С первых же шагов Одоевский занял твердые, определенные позиции в оценке творчества своих современников. Положительно отзываясь о произведениях Верстовского, Алябьева, Виельгорского, он весьма критически относился к таким видным мастерам вокальной лирики, как Варламов и Гурилев. Варламова он называл “невежественным музыкантом”, находил “в русской песне Варламова — пошлую итальянскую болтовню”. “Невыносимой пошлостью, не оправдываемой ни художественностью, ни историческим происхождением”, называл он варламовские и гурилевские обработки народных песен. Песенная лирика этих композиторов, близкая бытовым интонациям городского романса, была чужда строгому вкусу Одоевского, воспитанному на классической красоте глинкинской музыки. Отрицательное отношение к городской песенности и стилистически сходным явлениям долго еще было устойчивой традицией в русской музыкальной критике. Своеобразно складывалось отношение Одоевского к такому выдающемуся деятелю русской музыки, как А. С. Даргомыжский. Критик неизменно упоминал автора “Русалки” рядом с Глинкой, подчеркивая этим его исключительную роль в русском искусстве. Отдельные замечания Одоевского свидетельствовали о высокой оценке музыки Даргомыжского: “Пьесы для пения … Глинки, Даргомыжского… сделались у нас народными.

Одоевского и Даргомыжского связывали добрые отношения, о чем говорят сохранившиеся материалы их переписки. В годы, когда Даргомыжский был еще мало известен, Одоевский помог ему устройством концерта из его произведений. Концерт прошел с большим успехом, что морально поддержало композитора и побудило его к дальнейшим работам. При всем этом творчество Даргомыжского в целом (и даже такое значительное явление, как “Русалка”) не нашло в трудах Одоевского сколько-нибудь подробного освещения. Если двум первым шедеврам русской оперной классики — “Сусанину и “Руслану” — он посвящал большие статьи, то “Русалку” лишь упоминал. Сценической судьбе “Русалки” Одоевский не посвятил ни одной рецензии. Подобная сдержанность едва ли говорит об отрицательной оценке оперы. По крайней мере в таком важном вопросе, как национальный характер музыки, Одоевский высоко ставил творение Даргомыжского. И все же налицо необычайная скупость высказываний. Можно лишь предположить, что, признавая выдающееся значение Даргомыжского в развитии русского искусства, Одоевский не испытывал к его музыке влечения — случай нередкий в истории критической мысли. Если подлинным стимулом к критическому отклику является глубинная эмоциональная реакция, иногда не осознаваемая самим критиком, то в данном случае, видимо, такого стимула не было.

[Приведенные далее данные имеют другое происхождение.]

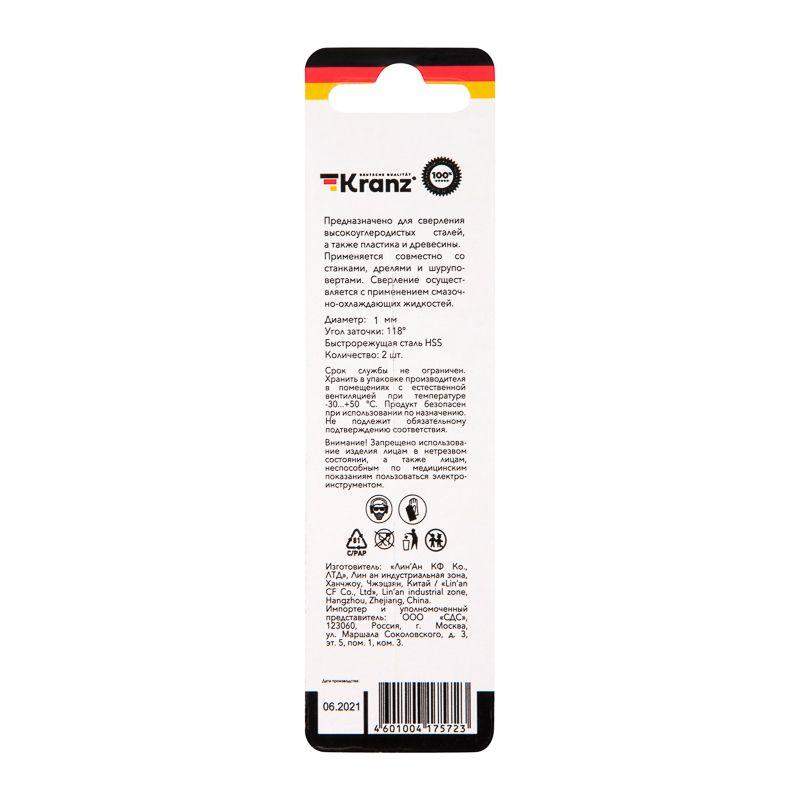–Сверло по металлу 1.0мм HSS DIN 338 (уп.2шт) Kranz KR-91-0551

Совершенно иначе отнесся Одоевский к другому современнику — А. Н. Серову. Одоевский горячо поддерживал все стороны его многообразной деятельности — музыкальное творчество, критические труды, просветительные выступления. Встречая равнодушие и подчас прямую вражду, Серов особенно высоко ценил одобрение такого авторитетного музыканта, как Одоевский. “Утешительного только и есть, — писал ему Серов, — что такие люди как вы не повертываетесь спиною к моим стремлениям”. Интереснейшие публичные беседы Серова о музыке плохо посещались столичными слушателями, и огорченный лектор с грустью сообщал в дружеском письме: “Один лишь наш несравненный кн. Одоевский удостаивает мои чтения своим присутствием и немного утешает меня после каждого вечера своими идущими от сердца похвалами”. С большим интересом относился Одоевский к критическим трудам Серова, деятельно поддерживал его журнал “Музыка и театр”, высоко ценил его исследования. В частности, Одоевский особо отмечал статью “Девятая симфония Бетховена, ее склад и смысл”, которую назвал “весьма оригинальной и основательной”. Как показывают дневники и письма Одоевского, он принимал дружеское участие в бытовых бедствиях вечно нуждавшегося Серова. “Поутру у меня Серов, — писал Одоевский в дневнике.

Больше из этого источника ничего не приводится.